Le Salvador, à droite depuis vingt ans, pourrait connaître un changement historique, lors de la prochaine élection présidentielle, en basculant à gauche - comme d'autres pays d'Amérique centrale. Le tout sous le regard attentif de Washington.
AFP - Le scrutin pour l'élection présidentielle se déroulait sans incidents dimanche au Salvador, petit pays d'Amérique centrale où le parti de l'ancienne guérilla d'extrême gauche espérait l'emporter sur la droite, au pouvoir depuis 20 ans.
Le scrutin opposait Mauricio Funes, de l'ancienne rébellion du front Farabundo Marti pour la libération nationale (FMLN), au candidat de la droite, Rodrigo Avila. Le président conservateur sortant Elias Antonio Saca était absent du scrutin, car la Constitution lui interdit deux mandats successifs.
Le Tribunal suprême électoral (TSE) devait annoncer les premiers résultats vers 20h00 heure locale (lundi 02h00 GMT).
Un succès de M. Funes constituerait un revirement historique, car il marquerait une victoire de l'ancienne guérilla par les urnes contre le camp conservateur qui l'avait vaincue en 1992, grâce à l'appui de Washington, après une guerre civile de douze ans qui a fait 75.000 morts.
"Tout se déroule bien, et nous espérons avoir une forte participation à la fin de l'après-midi", a déclaré en fin de matinée le président du TSE, Walter Araujo. La seule gêne dans les opérations de vote a été apportée par de fortes pluies dans l'ouest du pays, selon lui.
Les rapports de la mission d'observation de l'Union européenne (MOE-UE) indiquaient "une absence d'incidents", a confirmé son chef adjoint, l'Espagnol José Antonio de Gabriel.
Quatre heures après l'ouverture des bureaux, un sondage du TSE indiquait un taux de participation de plus de 20% à San Salvador, la capitale, et dans plusieurs autres grandes villes. La précédente élection présidentielle, le 21 mars 2004, avait été marquée par une participation élevée, 67,34%.
Les Etats-Unis sont très attentifs au scrutin, d'autant que le FMLN a déjà gagné les législatives de janvier dernier. Des parlementaires ont évoqué par écrit des "menaces potentielles" pour les "intérêts de sécurité nationale" des Etats-Unis dans le cas d'une victoire de la gauche, qui rapprocherait le Salvador de leur bête noire dans la région, le président vénézuélien Hugo Chavez.

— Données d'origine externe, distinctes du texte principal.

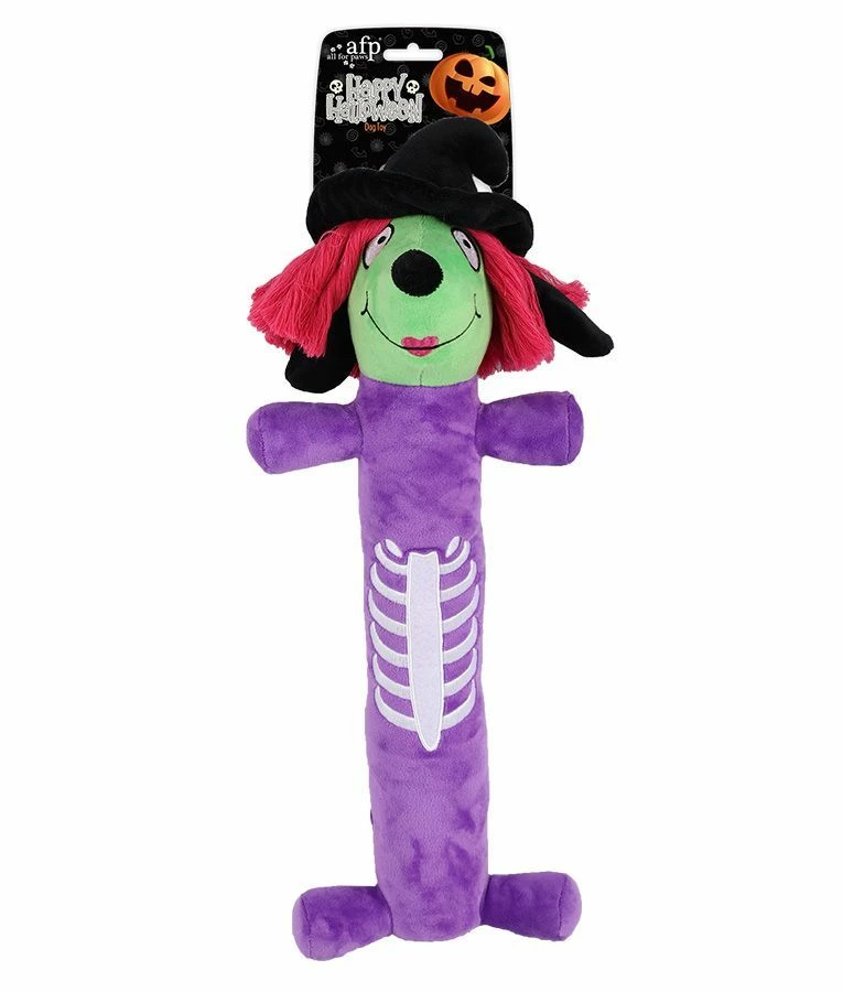 The “All For Paws Long Body Mummy Halloween Dog Toy” is a spooktacular addition to your pup’s toy collection. This playful and festive mummy-inspired dog toy features an elongated body that’s perfect for tugging and fetching fun. With its Halloween-themed design, it adds a touch of holiday spirit to playtime. Your furry friend will love this ghoulishly good toy that’s both cute and entertaining. Get ready for howling good times with your canine companion this Halloween!

Depuis l'intervention décisive de Washington contre la guérilla, le Salvador est "américanisé", avec une économie "dollarisée" au sens propre du terme, puisque le billet vert est devenu la monnaie nationale.
Le Salvador, qui vient de rapatrier d'Irak le contingent de 200 militaires qu'il y avait envoyé voici cinq ans et demi, a été le seul pays d'Amérique latine à être resté dans le pays jusqu'à la fin du mandat de l'ONU, le 31 décembre dernier.
Certes, le prochain président du Salvador, qui sera officiellement investi le 1er juin prochain, ne pourra gouverner seul, car le FMLN, désormais première formation à l'Assemblée, n'y a pas la majorité absolue. Il devra donc composer en nouant des alliances avec les partis minoritaires, comme c'était déjà le lot de M. Saca.
M. Funes, 49 ans, ancien journaliste vedette de la télévision et correspondant de la station américaine CNN, a promis que, s'il l'emportait, le Salvador demeurerait un allié de Washington. Il a ajouté qu'il ne voyait pas de raison de ne pas "s'entendre" avec le président Barack Obama, dont l'Amérique Latine attend un nouveau dialogue avec les Etats-Unis.
Le candidat du président Saca, son ancien directeur de la Police nationale, Rodrigo Avila, un ingénieur de 44 ans, a martelé tout au long de sa campagne qu'une victoire de son rival ferait "basculer le Salvador dans le camp du Venezuela de Hugo Chavez".
Elle ouvrirait la porte au "socialisme du XXIe siècle" préconisé par le président vénézuélien, a-t-il répété, soulignant que c'était déjà le cas au Nicaragua de Daniel Ortega et au Honduras de Manuel Zelaya.
"La gauche que je représente est la gauche salvadorienne" et le FMLN a "évolué", a répondu M. Funes.
L'ex-guérilla tient compte des "exigences de l'époque" et a choisi pour slogan le "changement dans la sécurité", a-t-il répété.